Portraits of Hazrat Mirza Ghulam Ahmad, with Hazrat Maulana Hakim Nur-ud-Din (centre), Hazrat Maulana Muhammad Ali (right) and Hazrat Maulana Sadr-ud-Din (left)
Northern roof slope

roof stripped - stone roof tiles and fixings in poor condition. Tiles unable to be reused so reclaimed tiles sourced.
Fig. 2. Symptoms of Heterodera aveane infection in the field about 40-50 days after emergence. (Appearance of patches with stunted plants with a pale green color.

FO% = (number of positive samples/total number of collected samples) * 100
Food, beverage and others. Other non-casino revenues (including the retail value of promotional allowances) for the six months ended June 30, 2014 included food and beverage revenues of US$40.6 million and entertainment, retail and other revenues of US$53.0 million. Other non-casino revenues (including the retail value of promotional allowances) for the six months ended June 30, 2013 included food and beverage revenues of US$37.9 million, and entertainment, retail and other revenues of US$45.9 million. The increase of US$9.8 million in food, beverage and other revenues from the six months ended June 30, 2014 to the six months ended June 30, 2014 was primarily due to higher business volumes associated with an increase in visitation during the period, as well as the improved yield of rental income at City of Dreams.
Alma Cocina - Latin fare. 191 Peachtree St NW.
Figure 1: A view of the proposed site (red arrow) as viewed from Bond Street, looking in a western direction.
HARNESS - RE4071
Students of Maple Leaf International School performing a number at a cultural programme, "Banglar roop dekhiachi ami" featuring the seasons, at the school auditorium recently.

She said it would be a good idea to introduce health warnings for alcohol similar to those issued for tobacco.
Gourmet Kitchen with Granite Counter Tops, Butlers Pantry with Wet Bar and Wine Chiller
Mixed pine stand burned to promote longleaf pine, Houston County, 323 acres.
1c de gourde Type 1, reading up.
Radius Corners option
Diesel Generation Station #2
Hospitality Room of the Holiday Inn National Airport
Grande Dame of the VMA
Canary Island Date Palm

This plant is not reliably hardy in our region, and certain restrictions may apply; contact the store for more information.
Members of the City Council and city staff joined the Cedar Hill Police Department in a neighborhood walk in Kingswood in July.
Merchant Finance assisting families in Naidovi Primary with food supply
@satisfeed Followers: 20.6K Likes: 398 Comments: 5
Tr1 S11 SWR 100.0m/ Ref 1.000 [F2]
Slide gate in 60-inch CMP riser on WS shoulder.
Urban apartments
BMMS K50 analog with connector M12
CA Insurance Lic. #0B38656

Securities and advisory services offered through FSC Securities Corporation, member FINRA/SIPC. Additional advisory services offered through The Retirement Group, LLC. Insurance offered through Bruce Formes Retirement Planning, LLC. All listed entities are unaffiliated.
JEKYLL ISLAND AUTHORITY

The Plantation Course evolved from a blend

━━━━━━━━━━

### [WHAT YOU HAVE TO DO]
The answer must be every record above, repeated exactly as written.

### [RESPONSE BELOW]
Portraits of Hazrat Mirza Ghulam Ahmad, with Hazrat Maulana Hakim Nur-ud-Din (centre), Hazrat Maulana Muhammad Ali (right) and Hazrat Maulana Sadr-ud-Din (left)
Northern roof slope

roof stripped - stone roof tiles and fixings in poor condition. Tiles unable to be reused so reclaimed tiles sourced.
Fig. 2. Symptoms of Heterodera aveane infection in the field about 40-50 days after emergence. (Appearance of patches with stunted plants with a pale green color.

FO% = (number of positive samples/total number of collected samples) * 100
Food, beverage and others. Other non-casino revenues (including the retail value of promotional allowances) for the six months ended June 30, 2014 included food and beverage revenues of US$40.6 million and entertainment, retail and other revenues of US$53.0 million. Other non-casino revenues (including the retail value of promotional allowances) for the six months ended June 30, 2013 included food and beverage revenues of US$37.9 million, and entertainment, retail and other revenues of US$45.9 million. The increase of US$9.8 million in food, beverage and other revenues from the six months ended June 30, 2014 to the six months ended June 30, 2014 was primarily due to higher business volumes associated with an increase in visitation during the period, as well as the improved yield of rental income at City of Dreams.
Alma Cocina - Latin fare. 191 Peachtree St NW.
Figure 1: A view of the proposed site (red arrow) as viewed from Bond Street, looking in a western direction.
HARNESS - RE4071
Students of Maple Leaf International School performing a number at a cultural programme, "Banglar roop dekhiachi ami" featuring the seasons, at the school auditorium recently.

She said it would be a good idea to introduce health warnings for alcohol similar to those issued for tobacco.
Gourmet Kitchen with Granite Counter Tops, Butlers Pantry with Wet Bar and Wine Chiller
Mixed pine stand burned to promote longleaf pine, Houston County, 323 acres.
1c de gourde Type 1, reading up.
Radius Corners option
Diesel Generation Station #2
Hospitality Room of the Holiday Inn National Airport
Grande Dame of the VMA
Canary Island Date Palm

This plant is not reliably hardy in our region, and certain restrictions may apply; contact the store for more information.
Members of the City Council and city staff joined the Cedar Hill Police Department in a neighborhood walk in Kingswood in July.
Merchant Finance assisting families in Naidovi Primary with food supply
@satisfeed Followers: 20.6K Likes: 398 Comments: 5
Tr1 S11 SWR 100.0m/ Ref 1.000 [F2]
Slide gate in 60-inch CMP riser on WS shoulder.
Urban apartments
BMMS K50 analog with connector M12
CA Insurance Lic. #0B38656

Securities and advisory services offered through FSC Securities Corporation, member FINRA/SIPC. Additional advisory services offered through The Retirement Group, LLC. Insurance offered through Bruce Formes Retirement Planning, LLC. All listed entities are unaffiliated.
JEKYLL ISLAND AUTHORITY

The Plantation Course evolved from a blend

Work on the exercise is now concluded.